Let us look again at the man who’s been vilified by Michael Moore and the rest of the infantile left, who’s been condescended to by the people who consider themselves foreign policy grown-ups, and who has become the focus of much anti-Semitism in the world today – the center of a zillion Zionist conspiracy theories, and a hundred zillion clever-Jew-behind-the-scenes calumnies.

It’s not necessary to absolve Wolfowitz of all sin or to neglect the postwar screw-ups in Iraq. Historians will figure out who was responsible for what, and Wolfowitz will probably come in for his share of the blame. But with political earthquakes now shaking the Arab world, it’s time to step back and observe that over the course of his long career – in the Philippines, in Indonesia, in Central and Eastern Europe, and now in the Middle East – Wolfowitz has always been an ardent champion of freedom….

His faith in people probably led to some of the mistakes in Iraq. But with change burbling in Beirut, with many young people proudly hoisting the Lebanese flag (in a country that was once a symbol of tribal factionalism), it’s time to take a look at this guy again.

If we liberals were smart, we’d be coopting the issue of freedom and human rights — the way that conservatives coopted it from us… and the way the Bill Clinton coopted fiscal responsibility from conservatives.

Agree or disagree about how we got here. Agree or disagree about what comes next (read Brooks’ column: even Wolfowitz says that Iraq must be the military exception). I don’t even care if you don’t want to give credit to Wolfowitz and Bush; I just don’t want to see the fruits of their strategy rejected just because it is their strategy.

There’s a hole in the dam of tyranny in the Middle East and freedom is flowing. Damnit. We should be holding the United Nations accountable for spreading freedom and not standing in the way. We should be figuring out how we can support movements of freedom — without invasion — in Lebanon, Egypt, Iran, Saudi Arabia, Bahrain…..

One small way to do that is to give voice to the freedom-loving people of those nations. That’s the small thing we can do.

As I’ve mentioned before, Wolfowitz himself is an aggressive reader of weblogs. He reads them in Iraq and Iran because they sometimes give him better intelligence about what’s really happening than his own intelligence forces. And he clearly reads them because he likes to hear the voice of freedom.

So there: That’s something about which every one of you can agree with Paul Wolfowitz. Don’t let that scare you.
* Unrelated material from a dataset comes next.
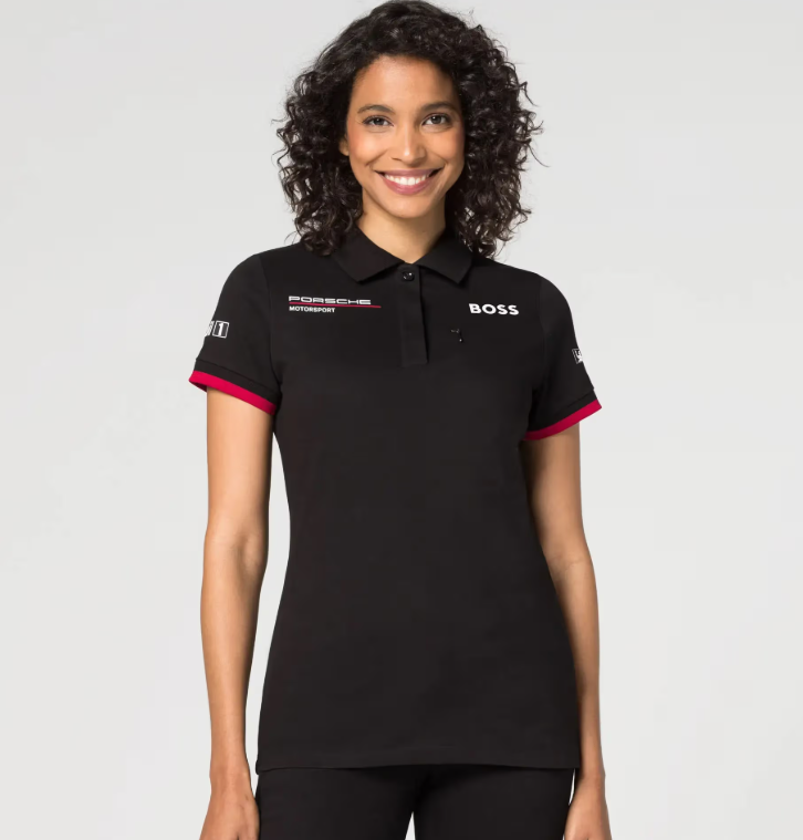 Camisa polo de manga curta em piqué com três botões e selo "PORSCHE MOTORSPORT". Design baseado no uniforme original da equipe Porsche Motorsport. Com o logotipo "PORSCHE" na pala do ombro.

We should be doing a better job reading these voices and spreading their word. Halley Suitt, Rebecca MacKinnon and others at the last Harvard confab want to get lots of people to vow to find 10 fresh new voices and blog and blogroll them. I think 10 is light; it’s a discipline we need to follow all the time.
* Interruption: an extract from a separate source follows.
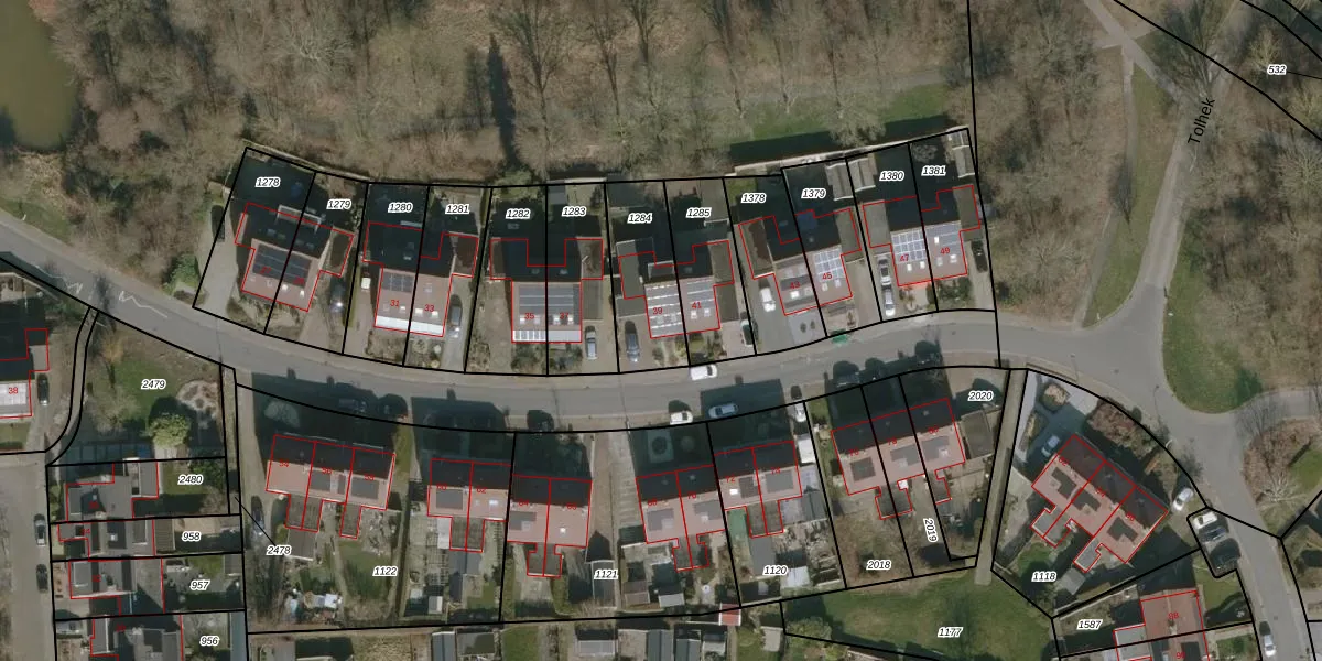 Gebruik de zoekbalk of klik op een perceel voor informatie over de adressen binnen dit perceel.

And we need to find better ways to support those who are being oppressed because of their speech. I despair to find better ways to bring attention to the bloggers arrested in Iran and threatened in Bahrain and Maylasia (and God knows where else).

If you don’t like the way Wolfowitz is trying to spread freedom in the world, then try to find new ways. But standing back and not trying is not acceptable. Freedom is the best cause of all.